What kind of things are you working on? Let me know in the comments below!

The frequency data for subway routes on a Friday morning for New York City transit. The darker the color, the higher the frequency!

The frequency data for subway routes on a Friday morning in New York City. The darker the color, the higher the frequency!

A Ruby Gem for GTFS to GeoJSON Conversion

I published my first Ruby gem: gtfs-geojson! You can view the source on GitHub. gtfs-geojson is a Ruby utility to convert a GTFS feed to a GeoJSON file. It’s a simple endeavor, for sure, but I’m pleased with what I learned along the way.

Let’s start out with some before-and-after views of the data. These images were created using QGIS, OpenStreetMap, Transfort’s GTFS feed, and the gtfs-geojson library.

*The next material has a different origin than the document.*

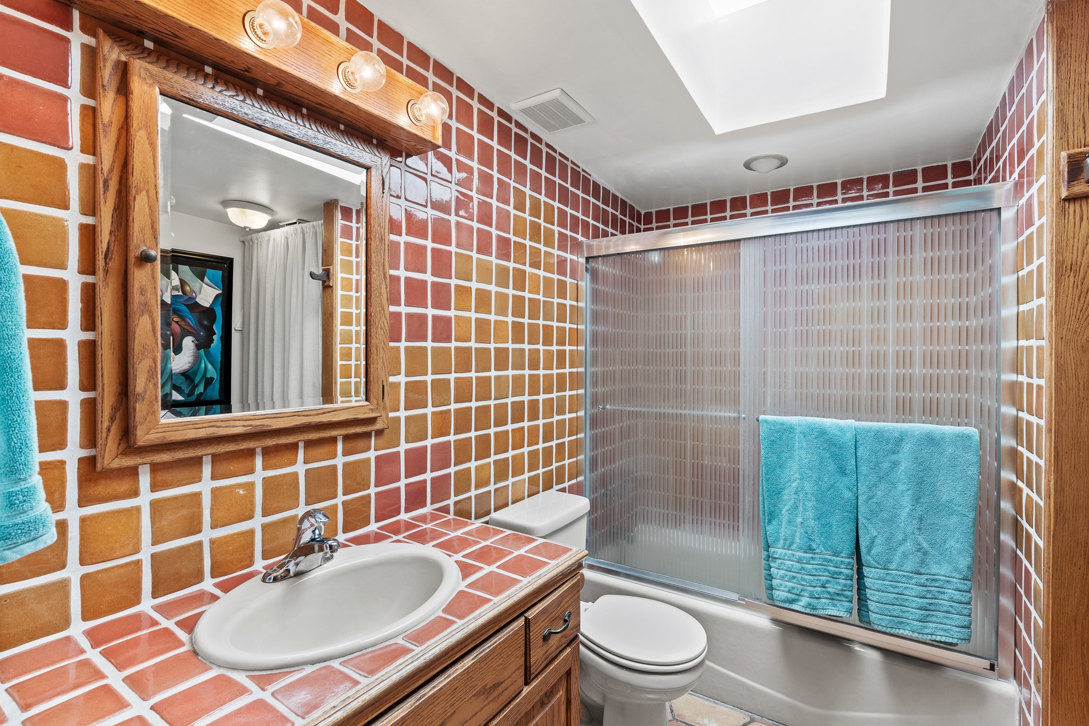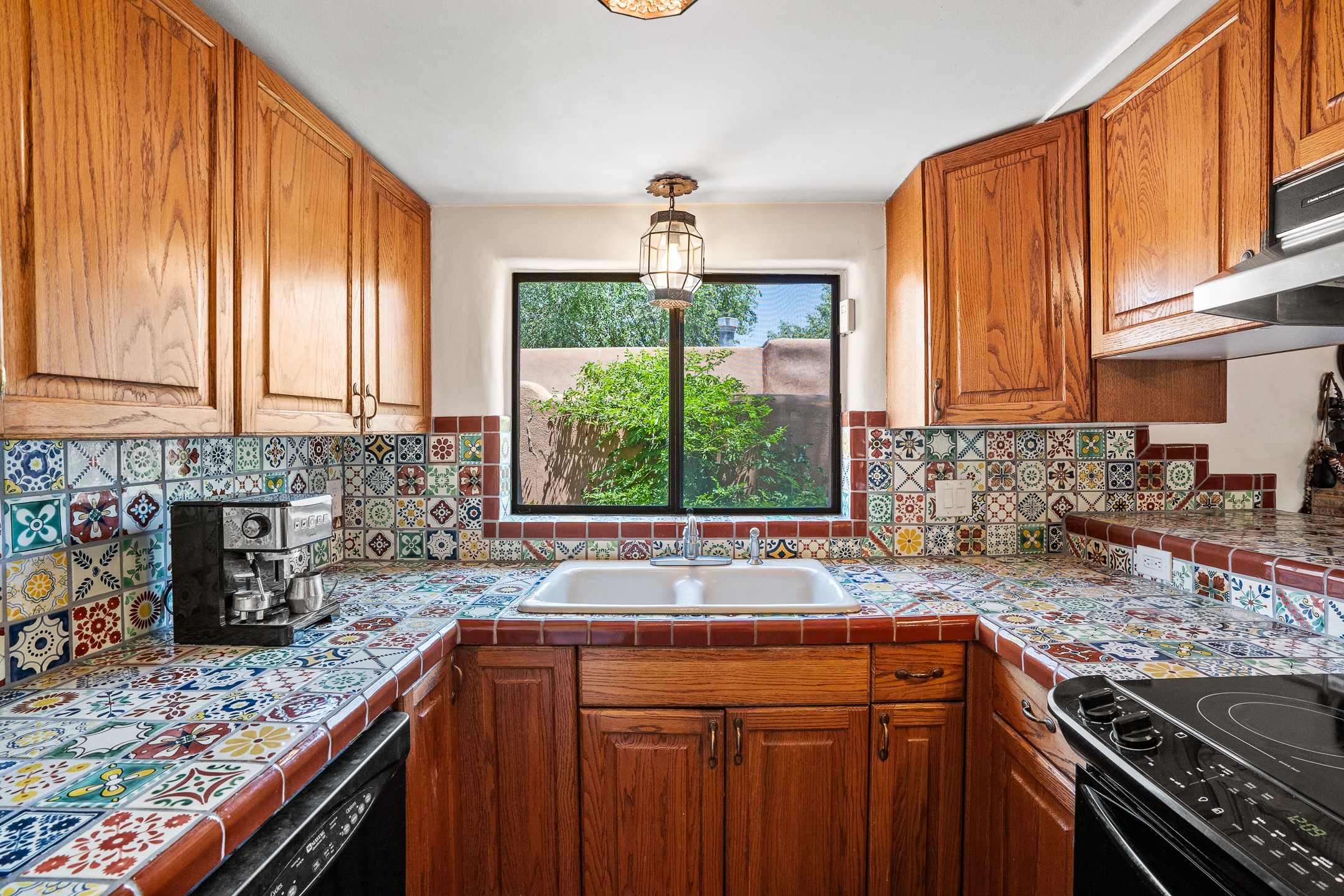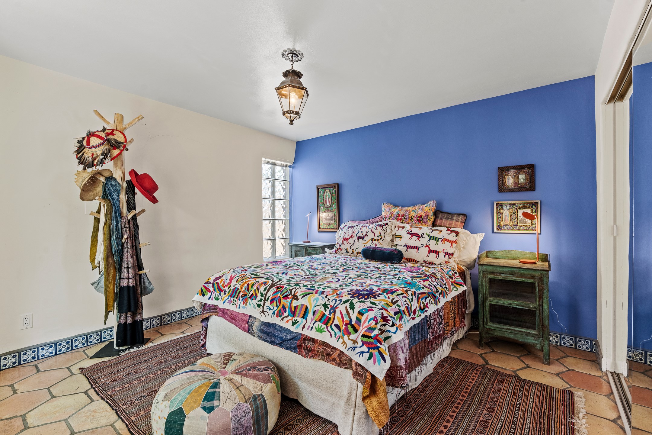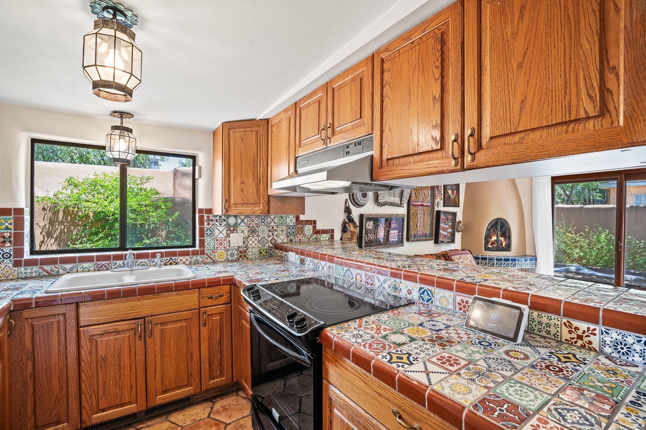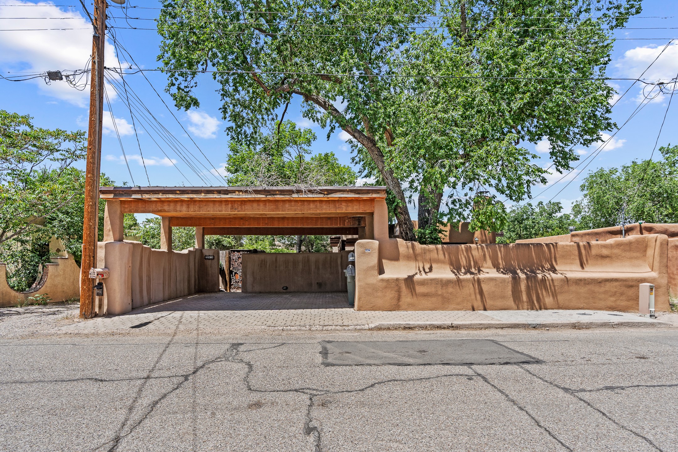 A magical cottage. Tucked away behind adobe walls and under the shade of mature trees, this vibrant and artfully curated home is a true Santa Fe gem. The residence exudes warmth and character with its vigas and iconic kiva fireplace. Step inside to discover colorful Talavera tile countertops and backsplashes in the kitchen, blending seamlessly with rich wood cabinetry. The home's interior flows effortlessly to a lush, private courtyard -- an outdoor sanctuary complete with flagstone pathways, a shaded dining patio, sculptural garden elements, and a lounge area ideal for relaxing under New Mexico's blue skies. A serene bedroom and an inviting living area that opens to the outdoors, this home offers both comfort and inspiration. Whether you're seeking a soulful retreat, an artist's haven, or a charming place to entertain, this property is a rare find that captures the spirit of Santa Fe living.

The Transfort GTFS data loaded in QGIS before applying the Ruby gem for GTFS to GeoJSON conversion.

This map displays the shapes.txt file from Transfort’s GTFS feed loaded into QGIS. The seemingly-inconsistent shading on the lines is because there are no lines at all; each “line” is made up of a sequence of points. Each point contains a route ID and is ordered relative to the other points in its route by a point sequence value.

The Transfort GTFS data loaded in QGIS after applying the Ruby gem for GTFS to GeoJSON conversion.

After running the GTFS feed through gtfs-geojson, you now have a GeoJSON file whose features are each route from the original feed. I used “Categorized” styles in QGIS to quickly apply a unique color to each route.

As with most transit projects, the input to gtfs-geojson is a GTFS feed. GTFS is the standard format published by transit agencies worldwide to make their routes, stops, and even fares usable by developers. The data is a series of comma-separated text files. To validate a GTFS feed, I used an existing gem. gtfs will fail gracefully if the shapes.txt file is not present, which is the only file I actually need for the conversion to GeoJSON.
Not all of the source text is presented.